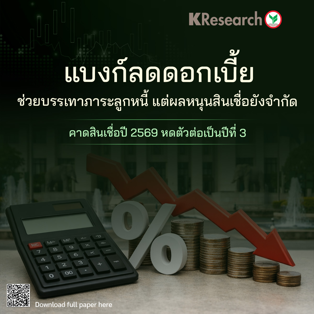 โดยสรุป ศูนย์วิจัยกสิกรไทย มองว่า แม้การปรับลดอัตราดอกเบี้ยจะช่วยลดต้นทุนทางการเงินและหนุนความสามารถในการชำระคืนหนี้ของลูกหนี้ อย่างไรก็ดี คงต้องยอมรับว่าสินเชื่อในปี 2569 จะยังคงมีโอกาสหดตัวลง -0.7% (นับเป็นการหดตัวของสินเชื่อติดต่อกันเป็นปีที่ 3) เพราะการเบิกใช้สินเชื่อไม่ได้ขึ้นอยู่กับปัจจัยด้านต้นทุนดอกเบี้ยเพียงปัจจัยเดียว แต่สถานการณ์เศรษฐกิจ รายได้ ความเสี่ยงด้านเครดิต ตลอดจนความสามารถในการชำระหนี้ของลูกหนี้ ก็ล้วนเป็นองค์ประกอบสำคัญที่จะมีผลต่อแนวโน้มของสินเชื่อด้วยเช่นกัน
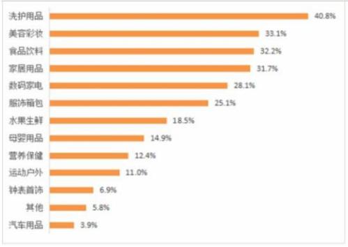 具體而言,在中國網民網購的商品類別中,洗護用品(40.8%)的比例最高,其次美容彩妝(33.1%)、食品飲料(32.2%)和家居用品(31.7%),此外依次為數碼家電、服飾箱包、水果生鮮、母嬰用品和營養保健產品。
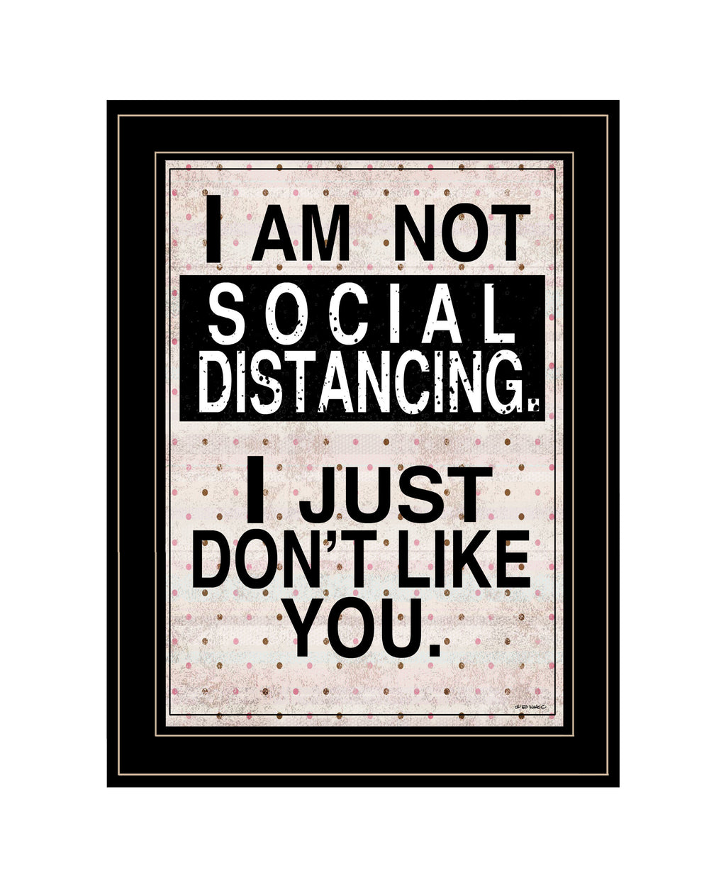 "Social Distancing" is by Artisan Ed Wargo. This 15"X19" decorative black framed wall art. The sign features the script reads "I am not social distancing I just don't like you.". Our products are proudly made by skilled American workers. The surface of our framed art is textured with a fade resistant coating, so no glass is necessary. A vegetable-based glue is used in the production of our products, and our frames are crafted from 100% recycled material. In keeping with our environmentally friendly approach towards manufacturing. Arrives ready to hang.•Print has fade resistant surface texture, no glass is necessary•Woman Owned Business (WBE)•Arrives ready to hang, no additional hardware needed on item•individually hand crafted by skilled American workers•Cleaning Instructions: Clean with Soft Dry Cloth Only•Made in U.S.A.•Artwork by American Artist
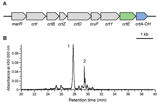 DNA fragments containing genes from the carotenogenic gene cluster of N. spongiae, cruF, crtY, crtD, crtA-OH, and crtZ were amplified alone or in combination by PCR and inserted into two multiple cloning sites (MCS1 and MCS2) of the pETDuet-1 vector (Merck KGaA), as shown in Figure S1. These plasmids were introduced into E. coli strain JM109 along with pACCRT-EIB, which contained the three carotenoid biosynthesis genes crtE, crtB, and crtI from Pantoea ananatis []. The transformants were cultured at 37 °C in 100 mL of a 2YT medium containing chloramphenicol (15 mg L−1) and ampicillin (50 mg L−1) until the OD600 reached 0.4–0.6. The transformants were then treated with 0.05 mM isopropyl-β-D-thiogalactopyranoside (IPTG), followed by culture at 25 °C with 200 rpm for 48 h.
================================
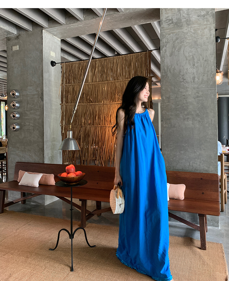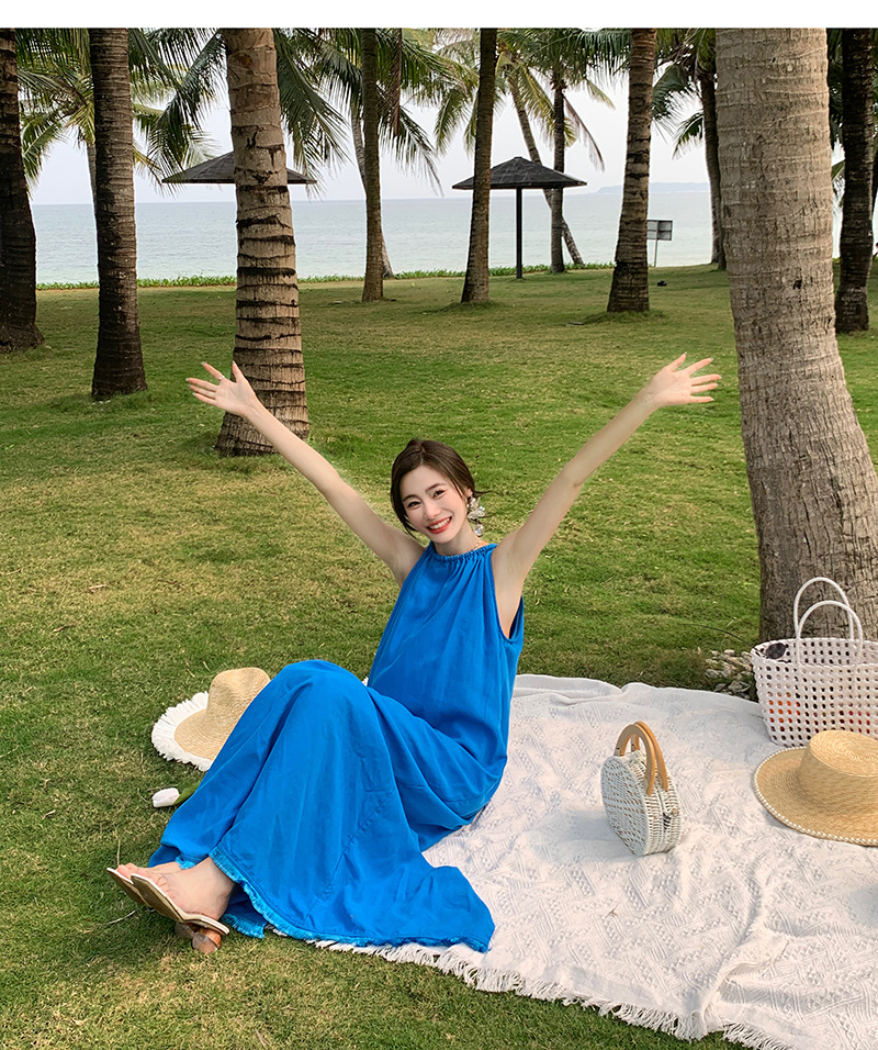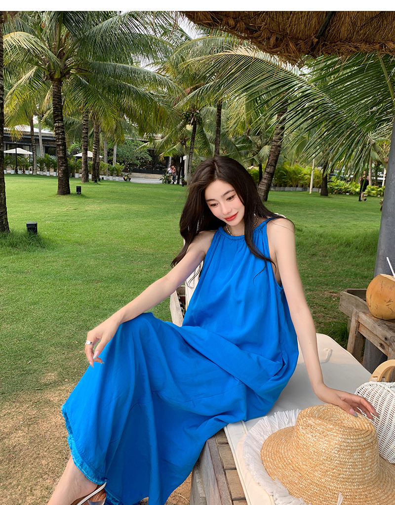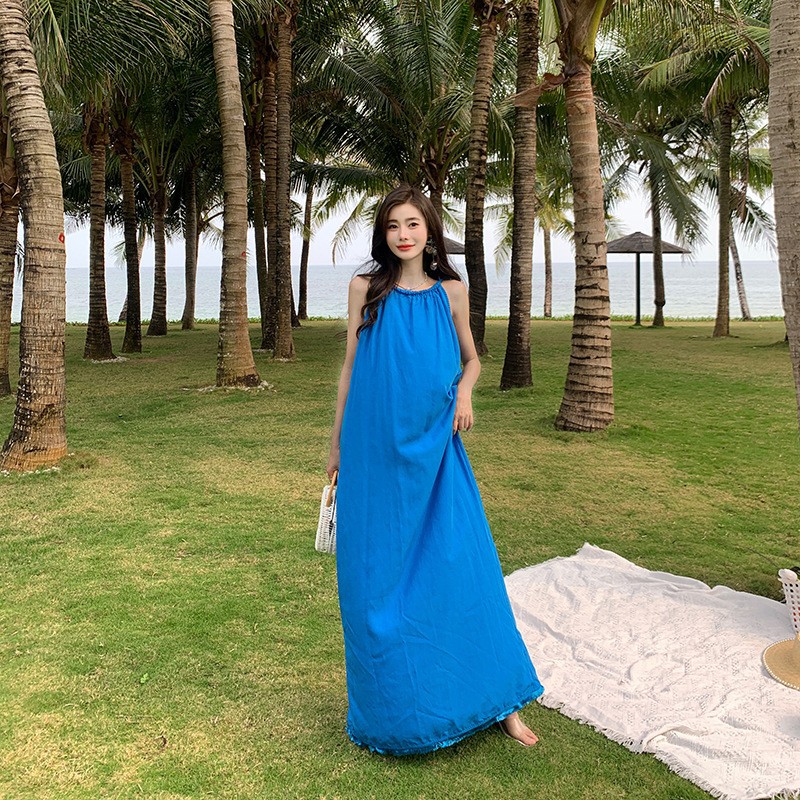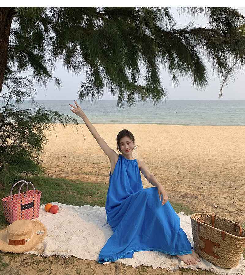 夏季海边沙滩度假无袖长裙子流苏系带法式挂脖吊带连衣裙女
================================
> What is being asked:
Repeat the lines above exactly, beginning with the one containing "by American Artist" and finishing with the one containing "DNA fragments containing". No pictures belong in the copy.

> Output for this exercise:
 "Social Distancing" is by Artisan Ed Wargo. This 15"X19" decorative black framed wall art. The sign features the script reads "I am not social distancing I just don't like you.". Our products are proudly made by skilled American workers. The surface of our framed art is textured with a fade resistant coating, so no glass is necessary. A vegetable-based glue is used in the production of our products, and our frames are crafted from 100% recycled material. In keeping with our environmentally friendly approach towards manufacturing. Arrives ready to hang.•Print has fade resistant surface texture, no glass is necessary•Woman Owned Business (WBE)•Arrives ready to hang, no additional hardware needed on item•individually hand crafted by skilled American workers•Cleaning Instructions: Clean with Soft Dry Cloth Only•Made in U.S.A.•Artwork by American Artist
 DNA fragments containing genes from the carotenogenic gene cluster of N. spongiae, cruF, crtY, crtD, crtA-OH, and crtZ were amplified alone or in combination by PCR and inserted into two multiple cloning sites (MCS1 and MCS2) of the pETDuet-1 vector (Merck KGaA), as shown in Figure S1. These plasmids were introduced into E. coli strain JM109 along with pACCRT-EIB, which contained the three carotenoid biosynthesis genes crtE, crtB, and crtI from Pantoea ananatis []. The transformants were cultured at 37 °C in 100 mL of a 2YT medium containing chloramphenicol (15 mg L−1) and ampicillin (50 mg L−1) until the OD600 reached 0.4–0.6. The transformants were then treated with 0.05 mM isopropyl-β-D-thiogalactopyranoside (IPTG), followed by culture at 25 °C with 200 rpm for 48 h.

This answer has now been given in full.